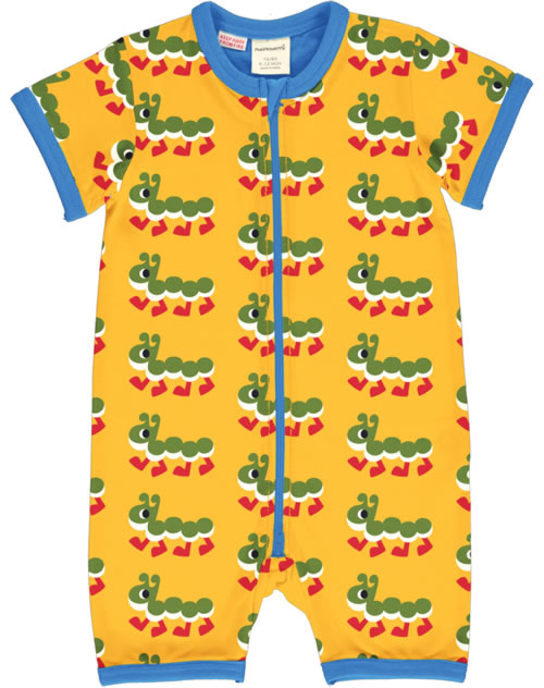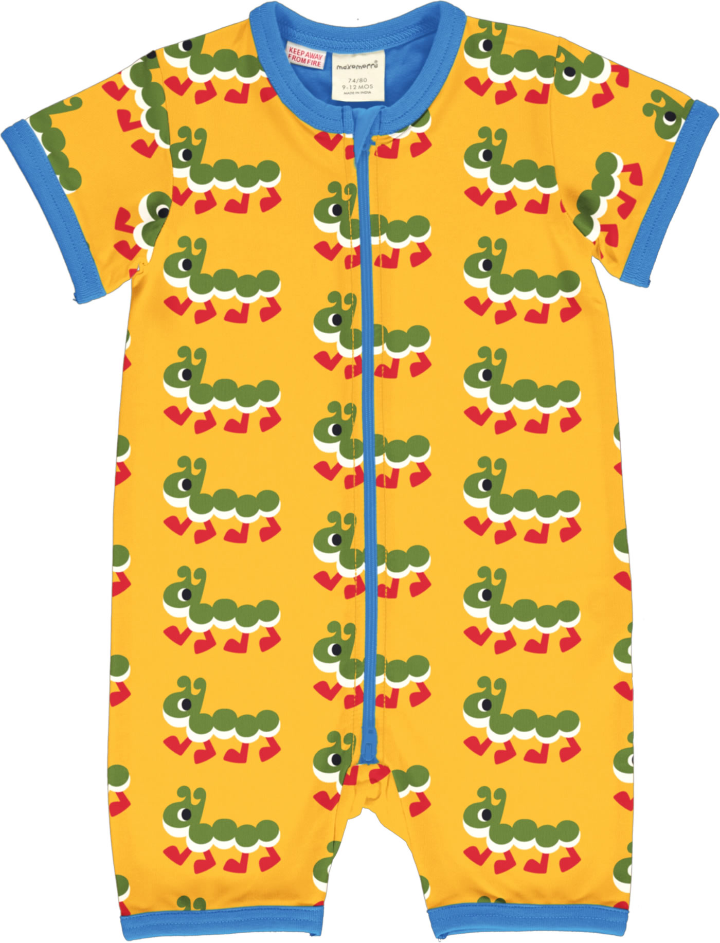 Toller Kurzarm-Spieler in gelb mit Raupen-Motiv von MAXOMORRA. Der durchgehende Reißverschluss mit Kinnschutz erleichtert das An- und Ausziehen. Das weiche Material bietet einen hohen Tragekomfort.
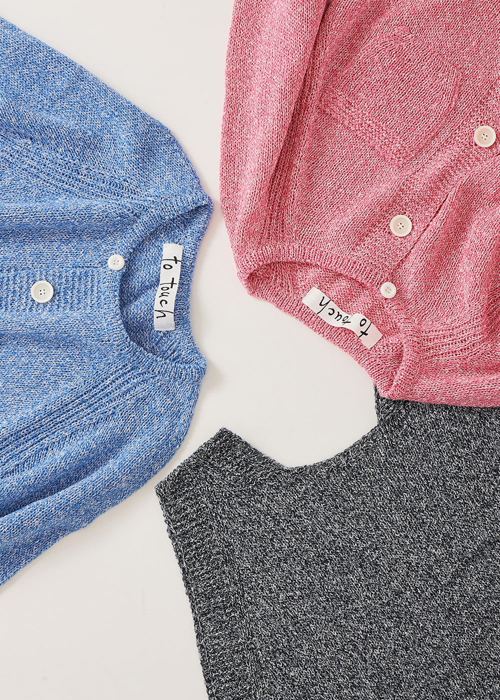 ざっくりとした編み地が涼し気で、存在感のある一枚です。
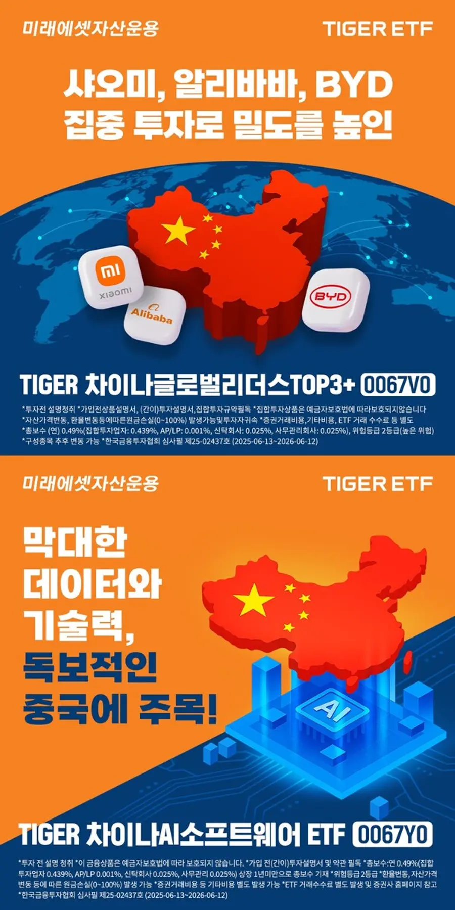|스마트투데이=김세형 기자| 미래에셋자산운용은 한국거래소에 ‘TIGER 차이나글로벌리더스TOP3+ ETF(0067V0)’, ‘TIGER 차이나AI소프트웨어 ETF(0067Y0)’ 2종을 신규 상장한다고 17일 밝혔다.
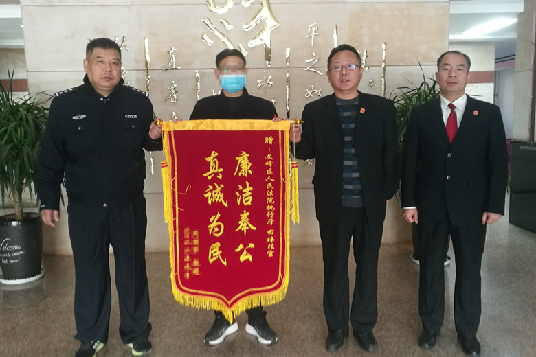11月8日上午,申请人陈某的儿子将一面印有“廉洁奉公 真诚为民”的锦旗送至安阳市文峰区人民法院执行局,感谢执行干警田玮耐心细致调解,成功将执行案款一次性执行到位。
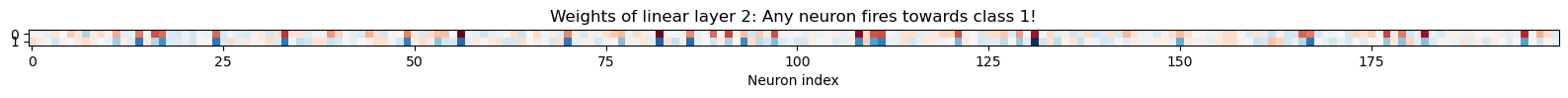 ). If either group fires sufficiently strongly, the model is classified as class 1, otherwise class 0.Since the model prediction depends on the logit (final neuron) difference we can directly say that in the final layer we only care about the logit of label 1 minus the logit of label 0, the logit diff direction. Then, using the [200,2] fc2 weight matrix (biases irrelevant) we can directly translate this logit diff direction into the 200-dim neuron space (by taking the difference of the respective weight vectors). We will make use of the logit diff directions at multiple points throughout the analysis.
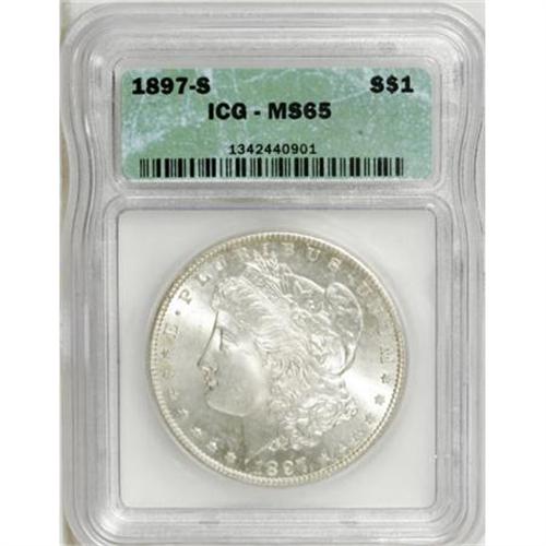 <B>1897-S $1 MS65 ICG.</B></I> . NGC Census: (615/117). PCGS Population (958/218). Mintage: 5,825,000. Numismedia Wsl. Price for NGC/PCGS coin in MS65: $500. (#7250)<BR><BR><B>Coin Engraver:</B> George T. Morgan<BR><BR><b>Shipping:</b> Coins & Currency (<a target="_blank" href="http://www.heritageauctions.com/common/shipping.php">view shipping information</a>)
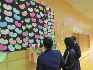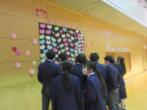 次の発表までの合間の時間に、3年生が掲示物の前に集まっていました。この掲示物には、1年生、2年生、職員からのメッセージが貼られていました。3年生に「想い」が届いたようでした。
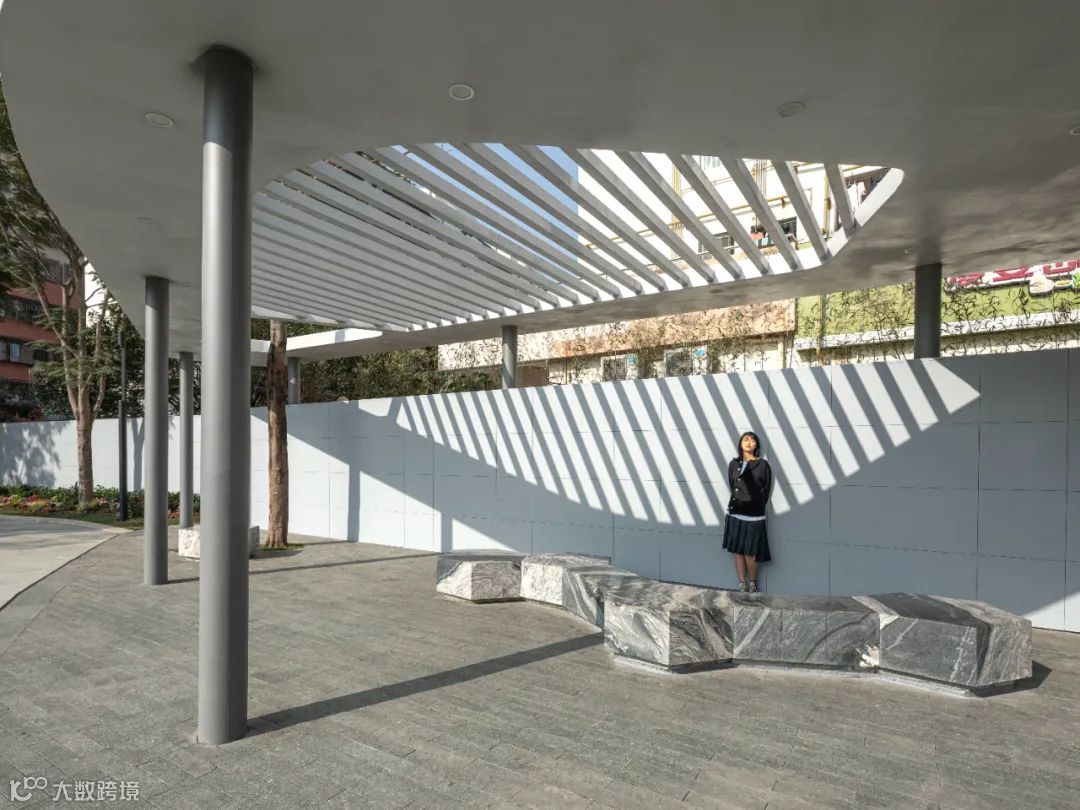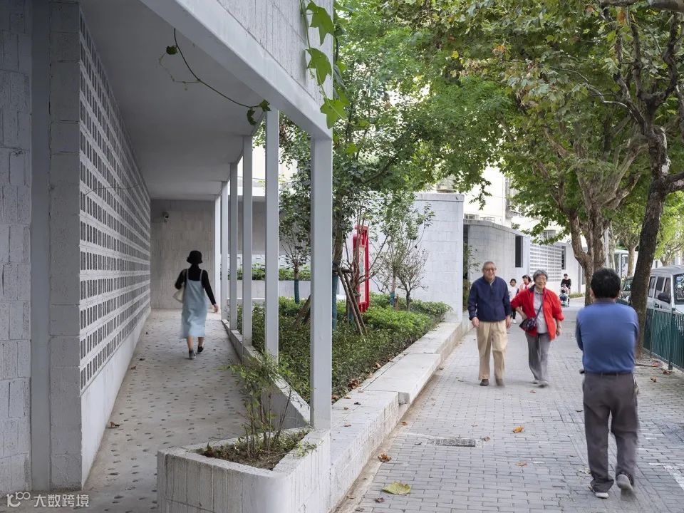 折线形的游廊富有园林意趣,也区分开各种区域,放学的孩子、等车的上班族、买菜途中休息的老人都能在这里找到需要的一席之地。曾经边缘化的社区围墙,也因此成为了最热门的昌里园。
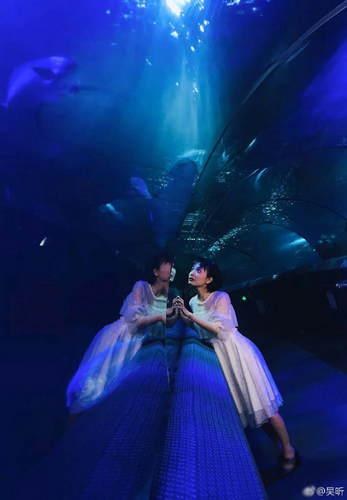 照片中的她身穿白色亮片連衣裙,腳踩復(fù)古皮鞋。她站在海底隧道,手撫玻璃,與海洋生物們互動,十分可愛。Hkh安康新聞網(wǎng)
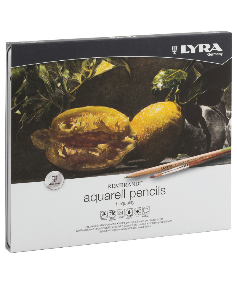 Introducing Lyra Rembrandt Aquarell watercolor pencils—These premium water-soluble colored pencils transform your drawings into vivid, vibrant works of art with a touch of water, offering rich shading and hazy effects that evoke the fluid beauty of watercolors. Crafted with high-quality pigments that dissolve effortlessly, these pencils are a top-tier professional tool, ideal for bringing your artistic visions to life. Encased in a genuine hexagonal cedar wood body, certified by Italy's PEFC, the Aquarell pencils feature a 3.7 mm lead with exceptional UV-resistant pigments, delivering bold, brilliant colors that blend seamlessly and offer endless creative possibilities, whether applied dry or with water for remarkable transparency and depth. Having spent over 200 years providing quality products to artists, schools & offices all over the world, the historic LYRA brand — founded by Johann Froescheis in Nuremberg in 1806 — is one of the oldest pencil companies in the world. Synonymous with innovation & quintessential German quality, Lyra is a well-respected name all over the world. Ever since it produced its first pencils, Lyra has stuck to strict rules to ensure the utmost quality — from the selection of raw materials right through to the manufacturing process.

****************

== WHAT THIS TASK INVOLVES ==
Repeat exactly the lines from the first line of the records above through the line containing "照片中的她身穿白色亮片連衣裙", both included. Leave out the pictures.

== OUTPUT ==
 Toller Kurzarm-Spieler in gelb mit Raupen-Motiv von MAXOMORRA. Der durchgehende Reißverschluss mit Kinnschutz erleichtert das An- und Ausziehen. Das weiche Material bietet einen hohen Tragekomfort.
 ざっくりとした編み地が涼し気で、存在感のある一枚です。
|스마트투데이=김세형 기자| 미래에셋자산운용은 한국거래소에 ‘TIGER 차이나글로벌리더스TOP3+ ETF(0067V0)’, ‘TIGER 차이나AI소프트웨어 ETF(0067Y0)’ 2종을 신규 상장한다고 17일 밝혔다.
11月8日上午,申请人陈某的儿子将一面印有“廉洁奉公 真诚为民”的锦旗送至安阳市文峰区人民法院执行局,感谢执行干警田玮耐心细致调解,成功将执行案款一次性执行到位。
 ). If either group fires sufficiently strongly, the model is classified as class 1, otherwise class 0.Since the model prediction depends on the logit (final neuron) difference we can directly say that in the final layer we only care about the logit of label 1 minus the logit of label 0, the logit diff direction. Then, using the [200,2] fc2 weight matrix (biases irrelevant) we can directly translate this logit diff direction into the 200-dim neuron space (by taking the difference of the respective weight vectors). We will make use of the logit diff directions at multiple points throughout the analysis.
 <B>1897-S $1 MS65 ICG.</B></I> . NGC Census: (615/117). PCGS Population (958/218). Mintage: 5,825,000. Numismedia Wsl. Price for NGC/PCGS coin in MS65: $500. (#7250)<BR><BR><B>Coin Engraver:</B> George T. Morgan<BR><BR><b>Shipping:</b> Coins & Currency (<a target="_blank" href="http://www.heritageauctions.com/common/shipping.php">view shipping information</a>)
 次の発表までの合間の時間に、3年生が掲示物の前に集まっていました。この掲示物には、1年生、2年生、職員からのメッセージが貼られていました。3年生に「想い」が届いたようでした。
 折线形的游廊富有园林意趣,也区分开各种区域,放学的孩子、等车的上班族、买菜途中休息的老人都能在这里找到需要的一席之地。曾经边缘化的社区围墙,也因此成为了最热门的昌里园。
 照片中的她身穿白色亮片連衣裙,腳踩復(fù)古皮鞋。她站在海底隧道,手撫玻璃,與海洋生物們互動,十分可愛。Hkh安康新聞網(wǎng)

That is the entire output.